◆ **Aim of the task**:
Extract the run of lines that starts at the top of the records below and ends at the line with "具体咋用呢?你把刚才改好的视", keeping both ends and excluding pictures.
▼
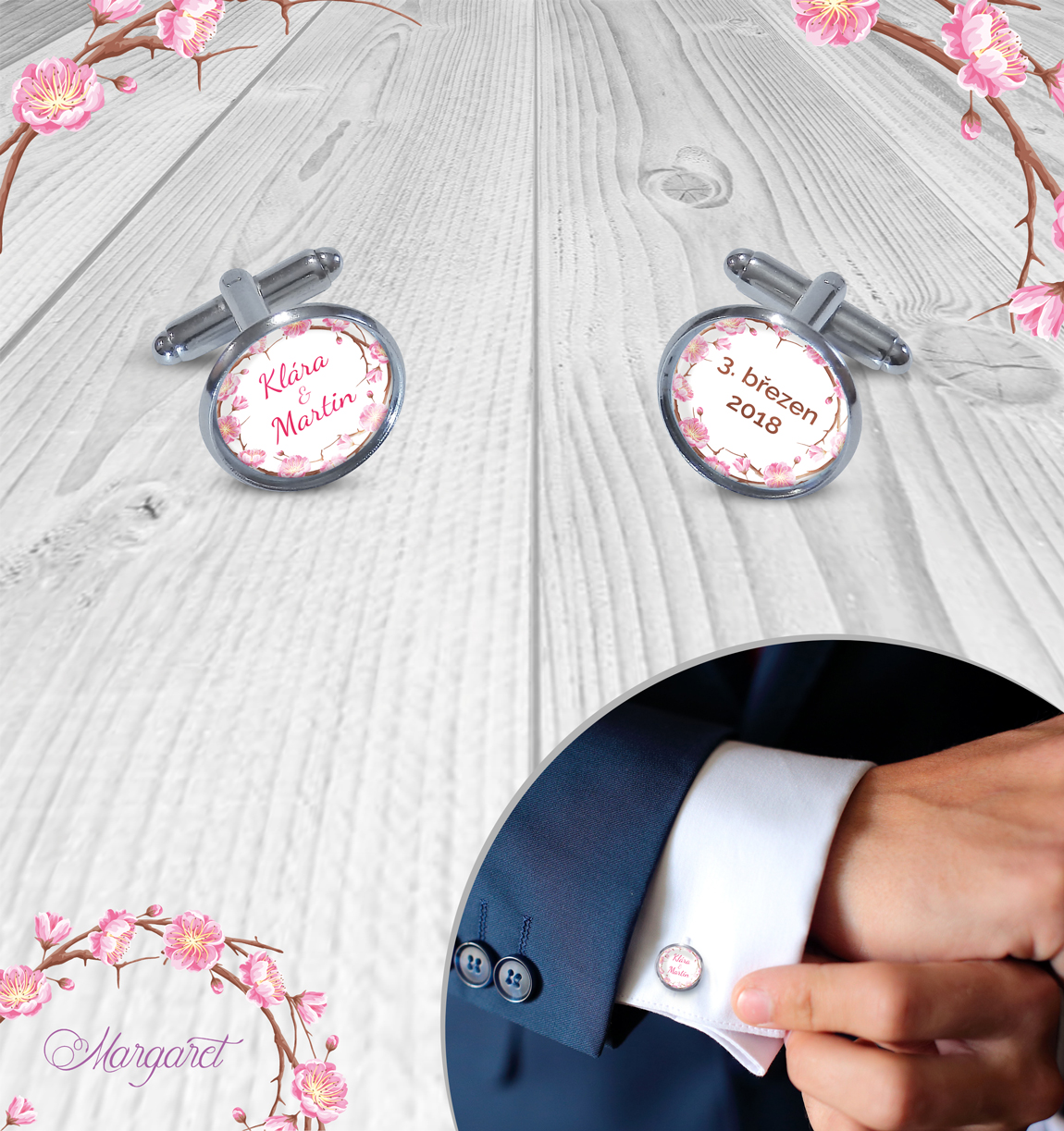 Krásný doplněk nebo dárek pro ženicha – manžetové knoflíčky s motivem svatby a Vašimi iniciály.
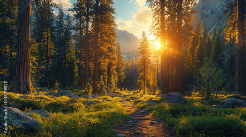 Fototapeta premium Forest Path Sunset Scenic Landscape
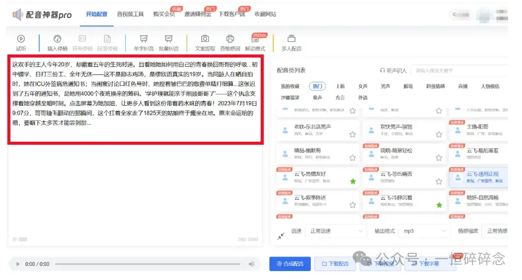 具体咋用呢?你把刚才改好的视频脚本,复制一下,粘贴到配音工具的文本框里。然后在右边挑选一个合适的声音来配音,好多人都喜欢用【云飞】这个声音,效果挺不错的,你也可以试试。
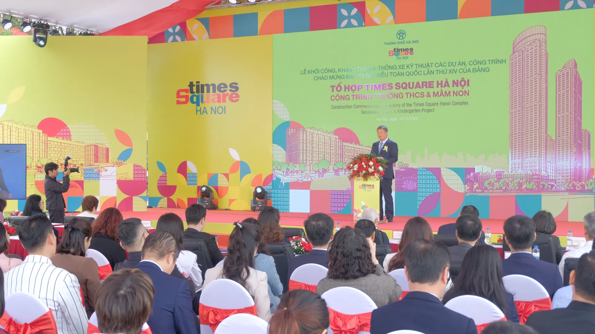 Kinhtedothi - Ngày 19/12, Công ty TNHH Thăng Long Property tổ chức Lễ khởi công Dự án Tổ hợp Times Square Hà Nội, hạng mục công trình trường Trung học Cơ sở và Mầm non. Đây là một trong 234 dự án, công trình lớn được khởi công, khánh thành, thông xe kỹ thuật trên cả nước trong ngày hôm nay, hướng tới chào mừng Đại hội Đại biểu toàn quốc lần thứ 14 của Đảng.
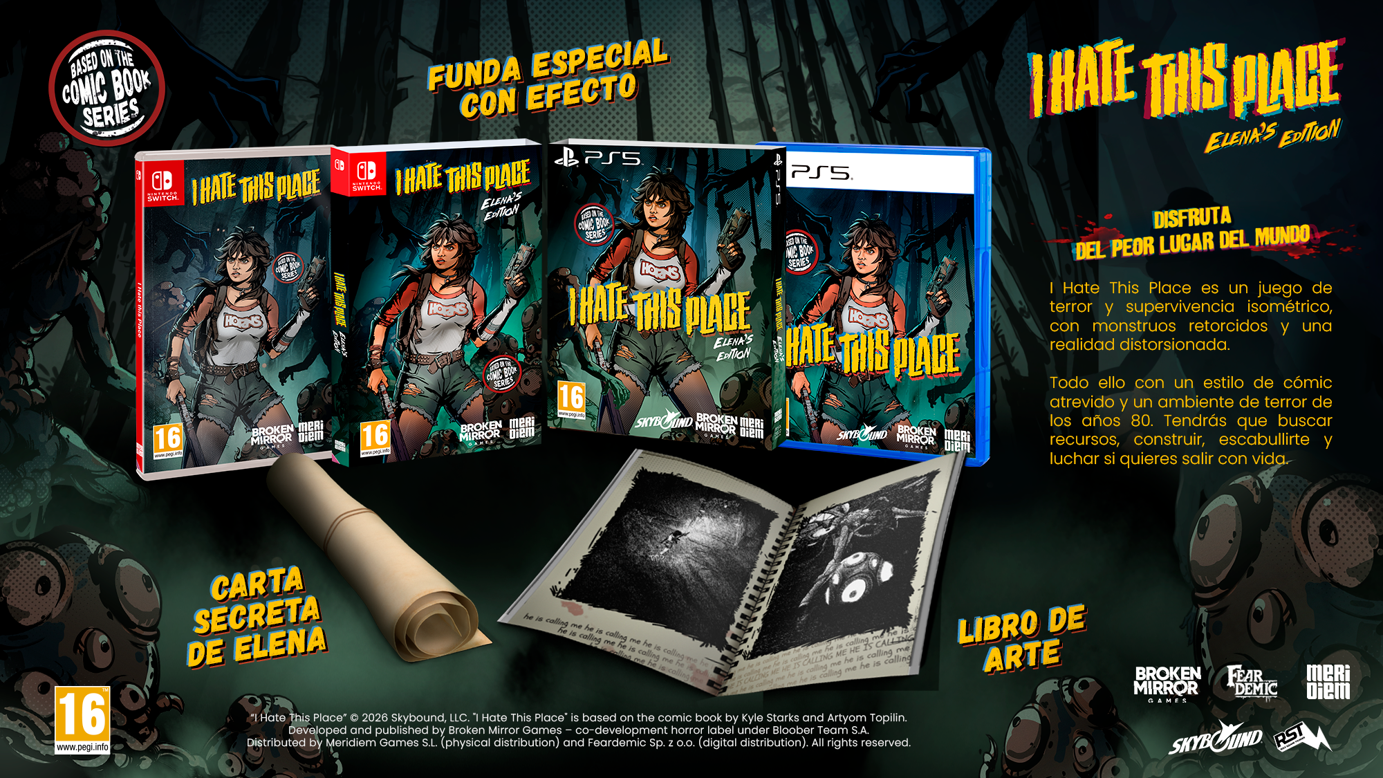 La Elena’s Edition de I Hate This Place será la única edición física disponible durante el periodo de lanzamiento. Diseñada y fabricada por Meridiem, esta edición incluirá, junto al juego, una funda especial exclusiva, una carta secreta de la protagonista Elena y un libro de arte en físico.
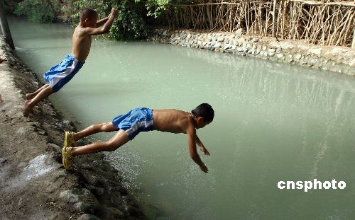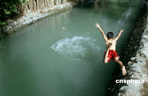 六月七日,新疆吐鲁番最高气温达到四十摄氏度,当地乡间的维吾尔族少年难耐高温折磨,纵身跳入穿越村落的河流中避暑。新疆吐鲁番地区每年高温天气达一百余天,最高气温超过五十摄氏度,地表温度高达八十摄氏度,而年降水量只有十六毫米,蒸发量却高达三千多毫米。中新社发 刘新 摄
▲
◆ **Answer below**:
 Krásný doplněk nebo dárek pro ženicha – manžetové knoflíčky s motivem svatby a Vašimi iniciály.
 Fototapeta premium Forest Path Sunset Scenic Landscape
 具体咋用呢?你把刚才改好的视频脚本,复制一下,粘贴到配音工具的文本框里。然后在右边挑选一个合适的声音来配音,好多人都喜欢用【云飞】这个声音,效果挺不错的,你也可以试试。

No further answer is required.